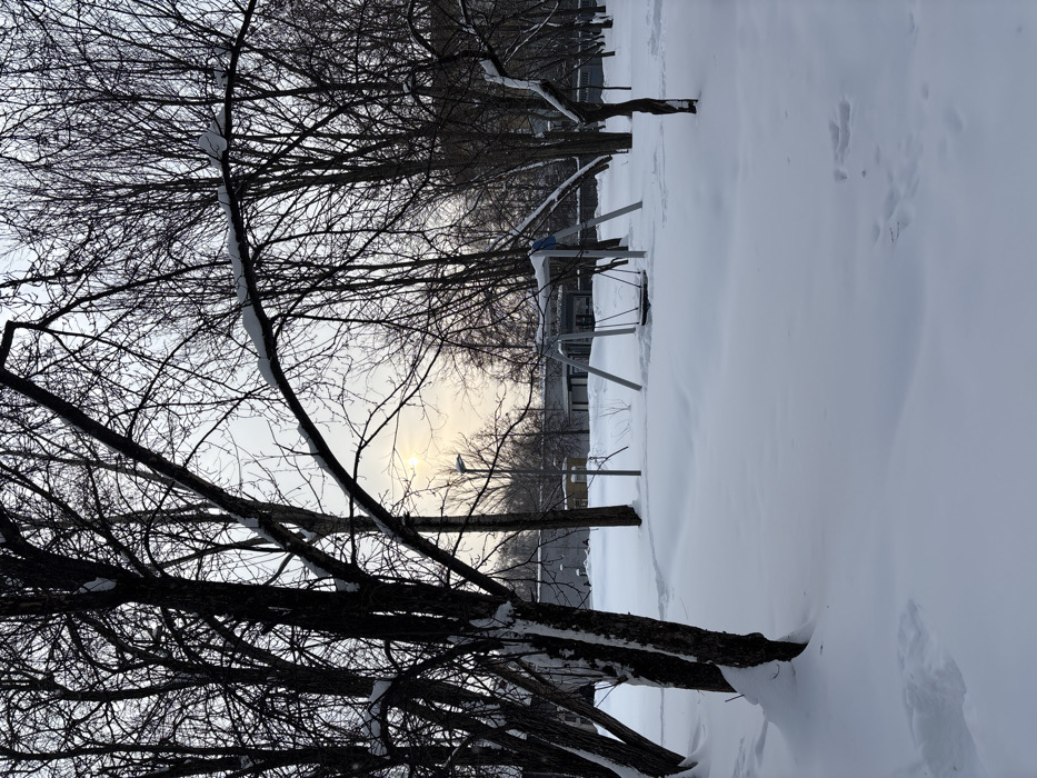 A winter scene shows snow-covered ground, with bare trees in the foreground and middle ground. The trees are dark in contrast to the bright white snow. There's a glimpse of a building or structure partially obscured by snow and trees. The sun is visible through the branches, creating a bright spot in the sky. Footprints are seen in the snow-covered ground.
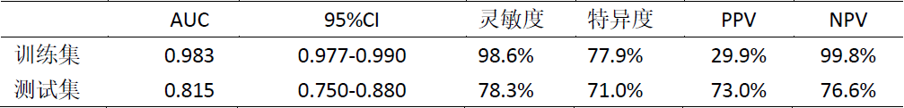 采用机器学习算法对数据进行预处理(表4)。发现随机森林模型可以有效地消除不相关因素,分析有效特征与预测值之间的相关性,识别数据的差异和共性。随机森林模型是最适合本研究的复发预测模型。训练集复发风险预测模型的AUC为0.983(95%CI:0.977~0.990),测试集AUC为0.815(95%CI:0.750~0.880)。5年复发风险预测模型对HER2低表达乳腺癌的敏感性为78.3%,特异性为71.0%,PPV为73.0%,NPV为76.6%(表5),表明该模型对早期HER2低表达乳腺癌的复发转移有一定的识别价值。该研究为HER2低表达早期乳腺癌细化分类治疗提供了新的参考。
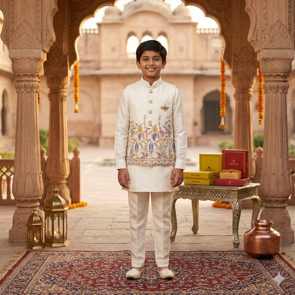 Perfect for weddings, celebrations, and festive gatherings, this outfit ensures your child stands out with timeless elegance and confidence.
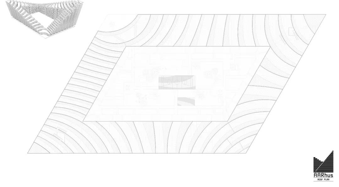 連續的陽臺環繞在建筑外沿,作為抬升的戶外空間的延伸。一些更小的陽臺朝向內部庭院,為每個居住單元提供了充足的戶外空間。庭院作為AARhus的綠色中心,為居民們提供了可以種植蔬菜和果樹的共享花園,需要時還可以作為舉辦社區露天宴會的場地。
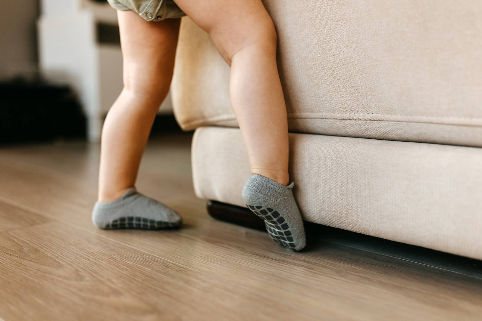 Un paio di calze antiscivolo sottili, che non limitino troppo la sensibilità dei piedini, potrà aiutare i bambini già mentre imparano a gattonare: i gommini che si trovano nella parte inferiore della calza aiuterà a non scivolare e a compiere quindi movimenti più coordinati. Quando possibile, gli esperti consigliano comunque di lasciare i bambini a piedi nudi, poiché questa condizione favorisce al meglio lo sviluppo motorio e la percezione del suolo.
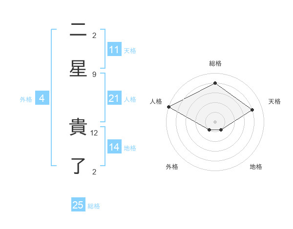 二星 貴了さんの総格は25画の4点!
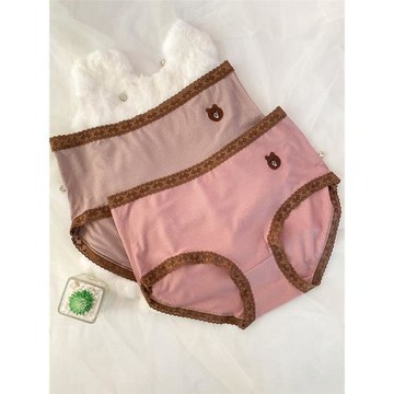 推薦出口日本刺繡蕾絲牛奶絲透氣彈力女士三角中高腰內褲有大碼
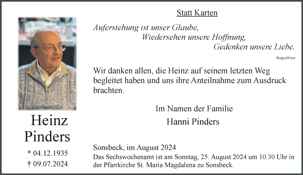 Hier finden Sie alle Traueranzeigen aus der Zeitung, die bisher für Heinz Pinders erschienen sind. Weitere Traueranzeigen, die in der Zeitung erscheinen, werden hier ebenfalls aufgelistet
────────
- [What is required]
Output each line of the listing above, word for word, from the one holding "二星 貴了さんの総格は25画の4点!" through the last line, both included; omit the pictures.

- [Exercise output]
 二星 貴了さんの総格は25画の4点!
 推薦出口日本刺繡蕾絲牛奶絲透氣彈力女士三角中高腰內褲有大碼
 Hier finden Sie alle Traueranzeigen aus der Zeitung, die bisher für Heinz Pinders erschienen sind. Weitere Traueranzeigen, die in der Zeitung erscheinen, werden hier ebenfalls aufgelistet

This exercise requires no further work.